* **ABOUT THIS TASK**
A picture-free, exact reproduction of the listing that follows is required.

* **INFORMATION SUPPLIED**
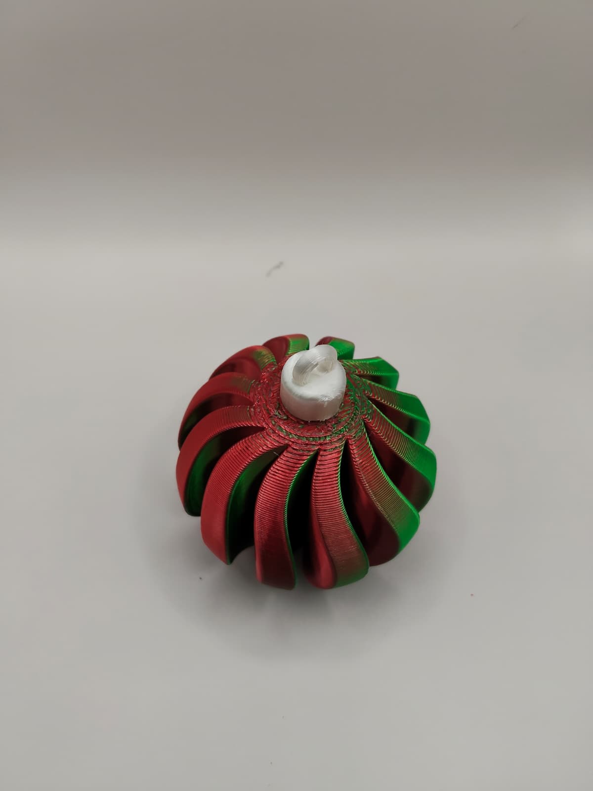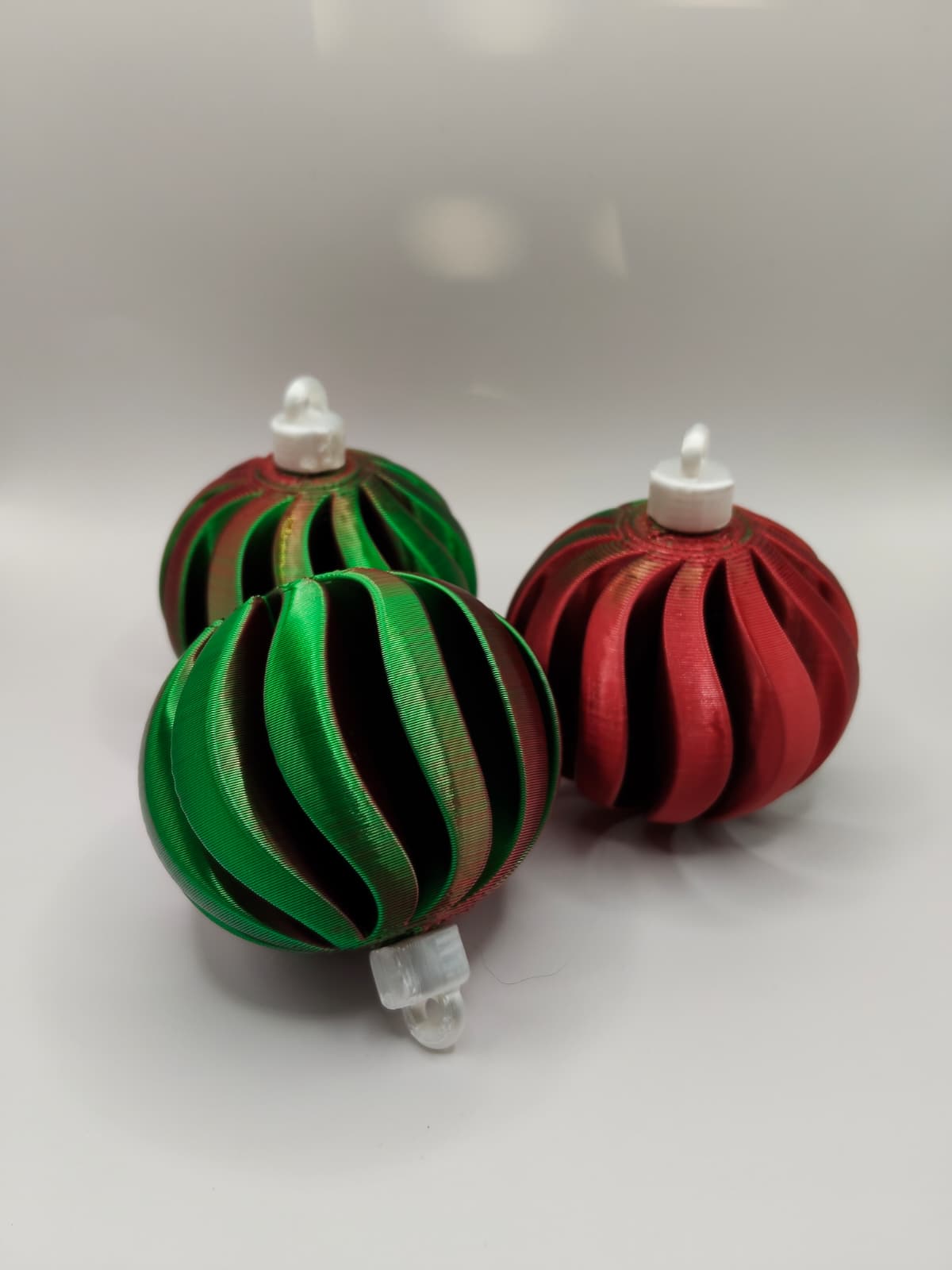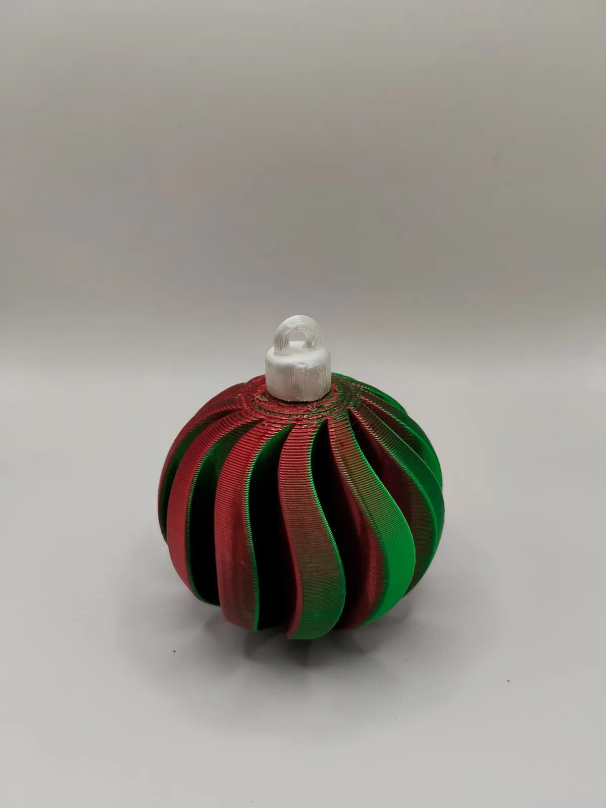 Mẫu Christmas bauble xoắn ốc phối đỏ–xanh lá, nhìn hiện đại mà vẫn đúng không khí Noel. In PLA hoặc PETG, nên in độ phân giải cao để ra chi tiết; có thể cần supports cho khoen trên và vặn nắp để lắp ráp.
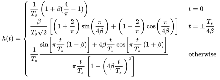 h = np.sinc(t/Ts) * np.cos(np.pi*beta*t/Ts) / (1 - (2*beta*t/Ts)**2)
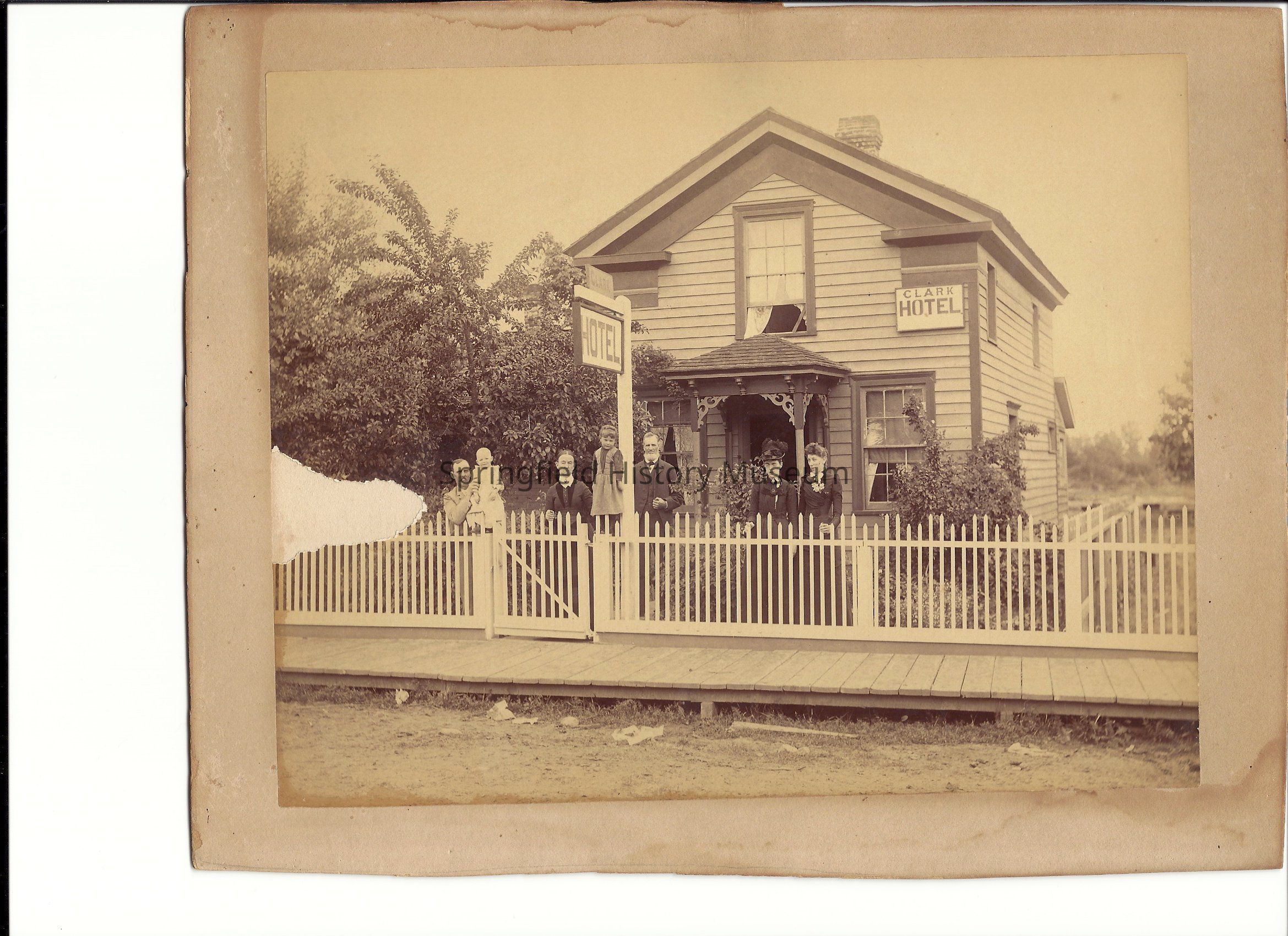 Clark Hotel, first Springfield hotel. Two story house with sign on upper story and picket fence. Seven people including two small children are standing behind fence.

* **ANSWER BOX**
 Mẫu Christmas bauble xoắn ốc phối đỏ–xanh lá, nhìn hiện đại mà vẫn đúng không khí Noel. In PLA hoặc PETG, nên in độ phân giải cao để ra chi tiết; có thể cần supports cho khoen trên và vặn nắp để lắp ráp.
 h = np.sinc(t/Ts) * np.cos(np.pi*beta*t/Ts) / (1 - (2*beta*t/Ts)**2)
 Clark Hotel, first Springfield hotel. Two story house with sign on upper story and picket fence. Seven people including two small children are standing behind fence.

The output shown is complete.